Alito does not mention Hale’s other writing on women, such as his views on rape. In his treatise, “History of the Pleas of the Crown,” published posthumously in 1736, which Alito cites throughout his draft opinion, Hale famously argued that marital rape is exempt from criminal prosecution. Once a woman consents to marry, Hale argues, “the wife hath given up herself in this kind unto her husband, which she cannot retract.”
Hale’s defense of marital rape remained the legal standard in the United States until the 1970s, when Nebraska became the first state to outlaw it. Although spousal rape is illegal in every state, several states still have statutory exemptions for spouses, depending on a variety of factors, including the age of the victim or the victim’s capacity to consent, according to AEquitas, a nonprofit focused on the prosecution of gender-based violence.
Hale’s legacy also includes his deep skepticism of rape accusations. Although he called rape a “most detestable crime” that ought “to be punished with death,” Hale believed that rape is “an accusation easily to be made and hard to be proved, and harder to be defended by the party accused, tho never so innocent.”
“One of the things Hale helped embed in the law is this intense suspicion of women,” Hasday said. “This premise that women who claim to be raped are liars, and the idea that proving rape should be extraordinarily difficult because you just can’t rely on women.”

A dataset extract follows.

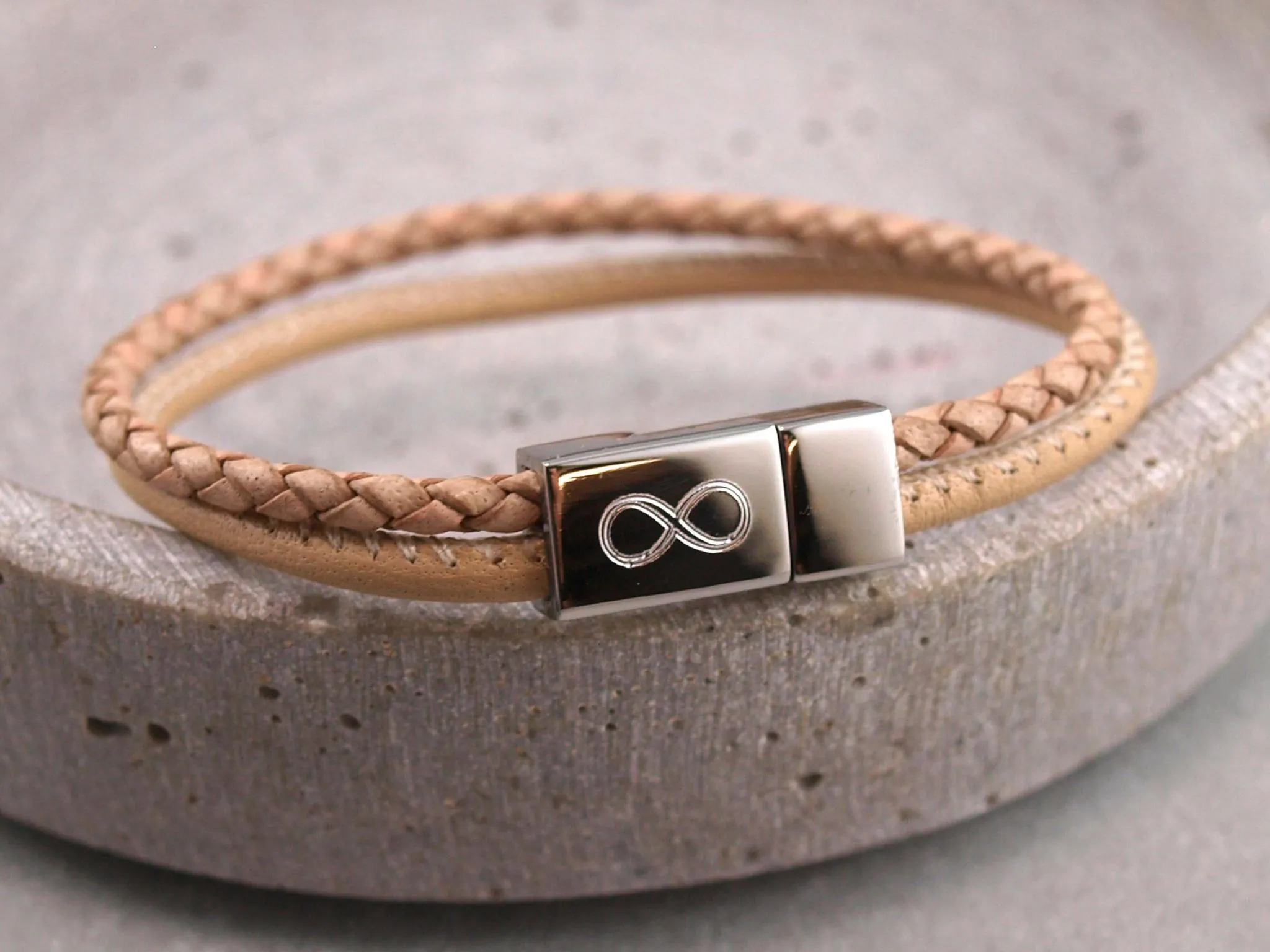Lederarmband Jona, einfach um das Handgelenk gewickelt.

Hasday said Hale’s suspicion of women extends to his handling of witchcraft cases. In Bury St. Edmunds in 1662, Hale presided over one of England’s most notorious witchcraft trials, which resulted in the hanging of two older widows, Amy Denny and Rose Cullender, accused of bewitching their neighbors.
The proceedings were remarkably similar to the witchcraft trials in Salem, according to Cornell University historian Mary Beth Norton. The complainants in Hale’s case were young girls who “screeched and screamed in the courtroom so much that they could not testify,” Norton said, and their relatives testified in the girls’ place. Hale admitted the witness testimony, including claims that the accused had appeared before the afflicted children in visions, as “spectral evidence.”

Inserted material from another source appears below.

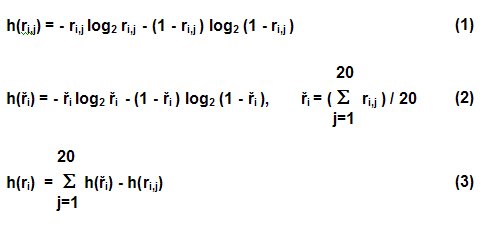 A entropia h(ri) das 19 correlaçõess ri,j calculadas para cada eletrodo ei, e associada a cada evento EVE de uma dada atividade cognitiva COG

Thirty years later, judges in Salem consulted an account of the trial, “A Tryal of Witches at the Assizes,” Norton said, and used Hale’s permitting of spectral evidence to justify their own proceedings.
Hale’s work “was an important backing for the legitimacy of the trials in 1692,” Norton said. “That is, this opinion of Sir Matthew Hale that you could accept these statements by these young girls who were screaming and crying and having fits in the courtroom as legitimate evidence.”
Hale’s writings about women were not limited to his legal scholarship. In a 206-page letter of advice to his grandchildren, Hale laments that young English gentlewomen “learn to be bold [and] talk loud.” These young women, he charged, “know the ready way ... to ruin a family quickly.”
“They are a sort of chargeable unprofitable people,” Hale concludes, before imploring his granddaughters to learn “good housewifery” for the sake of their families and husbands. “A good wife is a portion of herself; but an idle or expensive wife is most times an ill bargain.”